• _Aim of the task_
Would you set down the data that follows, word for word, without any pictures?

• _Data block_
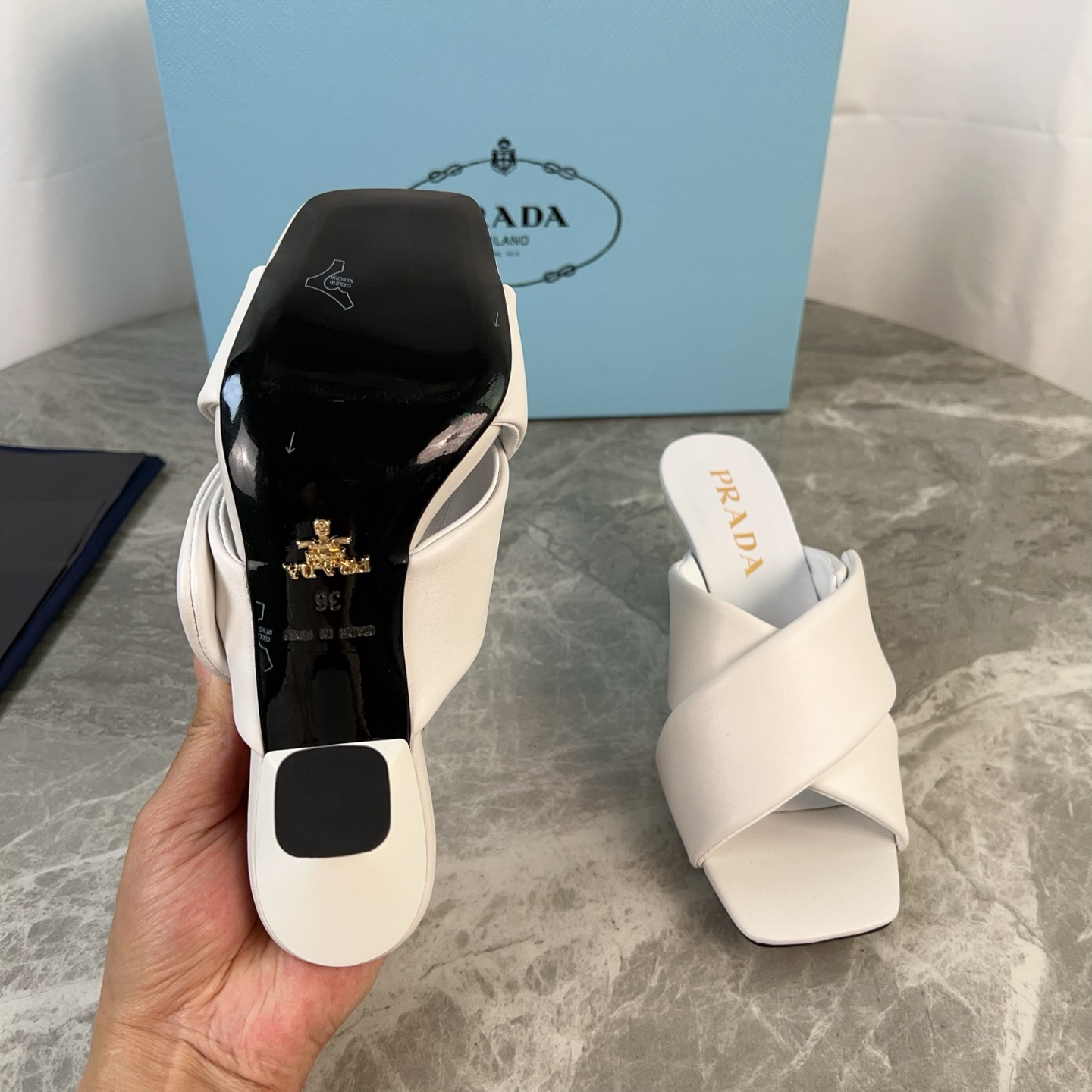 这款鞋子是AAAAA 1:1 质量 (非常棒). 使用了和原版一模一样的材料. 商标部分也保持了和普拉达/Prada一样. 图片拍摄是实物鞋子拍摄, 您所收到的实物保证和我们图片一模一样.
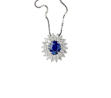 Gargantilla Lunatic Mujer en oro blanco con zafiro central con diamantes de contorno ct.0.30. Calidad VS color G.
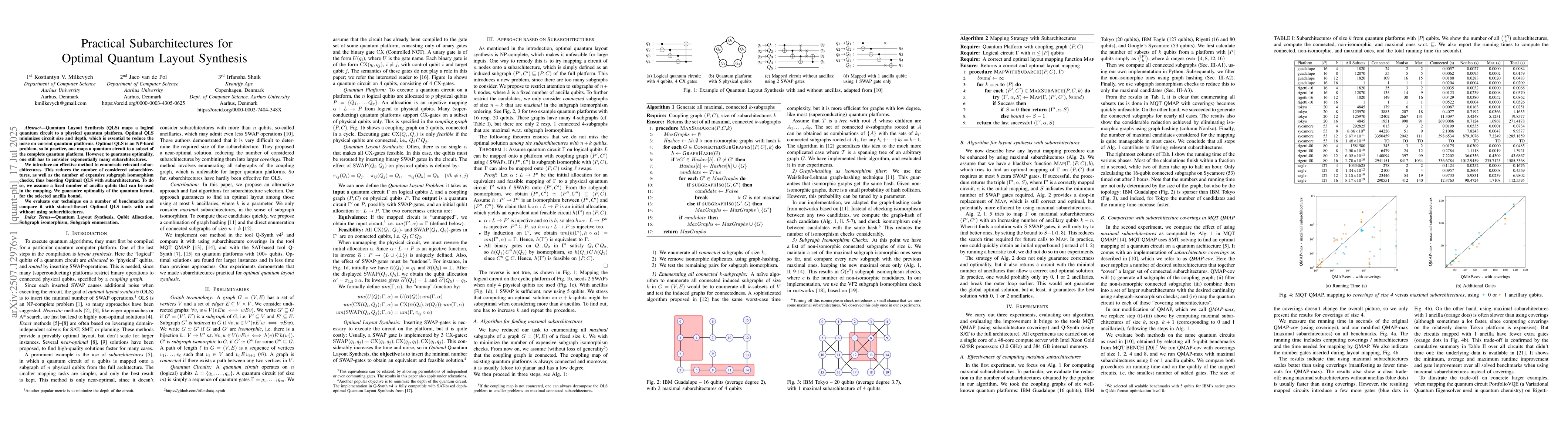 Quantum Layout Synthesis (QLS) maps a logical quantum circuit to a physical quantum platform. Optimal QLS minimizes circuit size and depth, which is essential to reduce the noise on current quantum platforms. Optimal QLS is an NP-hard problem, so in practice, one maps a quantum circuit to a subset of the complete quantum platform. However, to guarantee optimality, one still has to consider exponentially many subarchitectures. We introduce an effective method to enumerate relevant subarchitectures. This reduces the number of considered subarchitectures, as well as the number of expensive subgraph isomorphism checks, thus boosting Optimal QLS with subarchitectures. To do so, we assume a fixed number of ancilla qubits that can be used in the mapping. We guarantee optimality of the quantum layout, for the selected ancilla bound. We evaluate our technique on a number of benchmarks and compare it with state-of-the-art Optimal QLS tools with and without using subarchitectures.
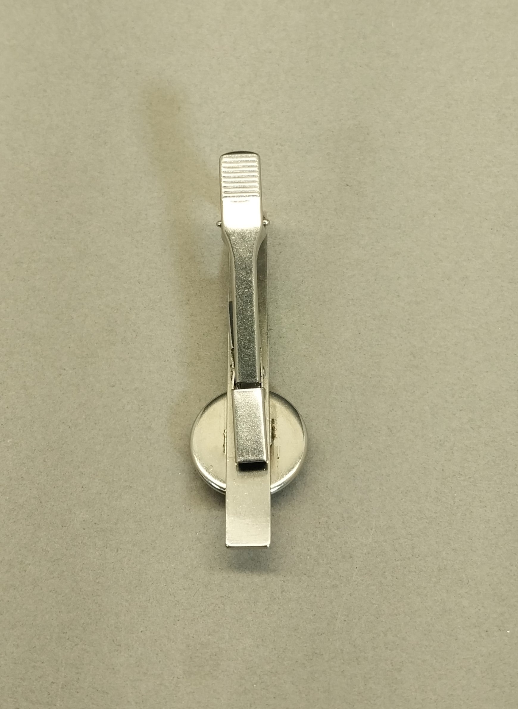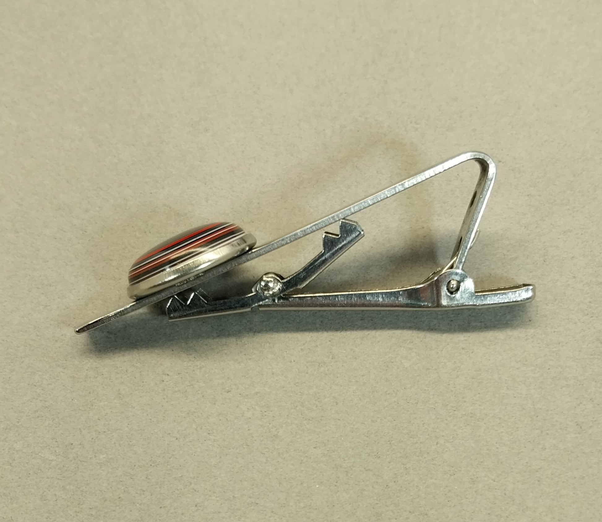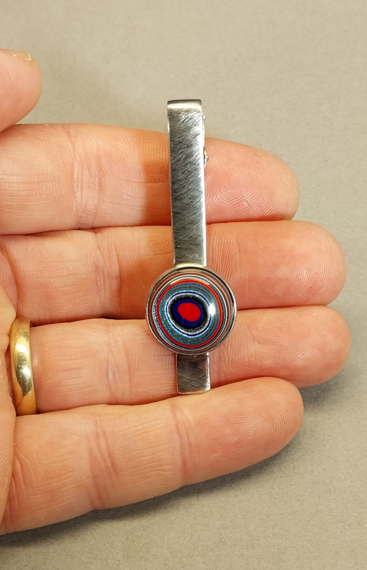 This fordite tie clip pin is made with motor agate from Ohio that occurred as a result of painting parts at the plant at Parkway in Toledo Ohio. The stone is domed and is about 16 mm across or .72 of an inch. The clip that holds it is stainless steel. I polished the steel then gave it a cross hatch brushed pattern. The clip is about 2.15 inches long.

• _Solution to this task_
 这款鞋子是AAAAA 1:1 质量 (非常棒). 使用了和原版一模一样的材料. 商标部分也保持了和普拉达/Prada一样. 图片拍摄是实物鞋子拍摄, 您所收到的实物保证和我们图片一模一样.
 Gargantilla Lunatic Mujer en oro blanco con zafiro central con diamantes de contorno ct.0.30. Calidad VS color G.
 Quantum Layout Synthesis (QLS) maps a logical quantum circuit to a physical quantum platform. Optimal QLS minimizes circuit size and depth, which is essential to reduce the noise on current quantum platforms. Optimal QLS is an NP-hard problem, so in practice, one maps a quantum circuit to a subset of the complete quantum platform. However, to guarantee optimality, one still has to consider exponentially many subarchitectures. We introduce an effective method to enumerate relevant subarchitectures. This reduces the number of considered subarchitectures, as well as the number of expensive subgraph isomorphism checks, thus boosting Optimal QLS with subarchitectures. To do so, we assume a fixed number of ancilla qubits that can be used in the mapping. We guarantee optimality of the quantum layout, for the selected ancilla bound. We evaluate our technique on a number of benchmarks and compare it with state-of-the-art Optimal QLS tools with and without using subarchitectures.
 This fordite tie clip pin is made with motor agate from Ohio that occurred as a result of painting parts at the plant at Parkway in Toledo Ohio. The stone is domed and is about 16 mm across or .72 of an inch. The clip that holds it is stainless steel. I polished the steel then gave it a cross hatch brushed pattern. The clip is about 2.15 inches long.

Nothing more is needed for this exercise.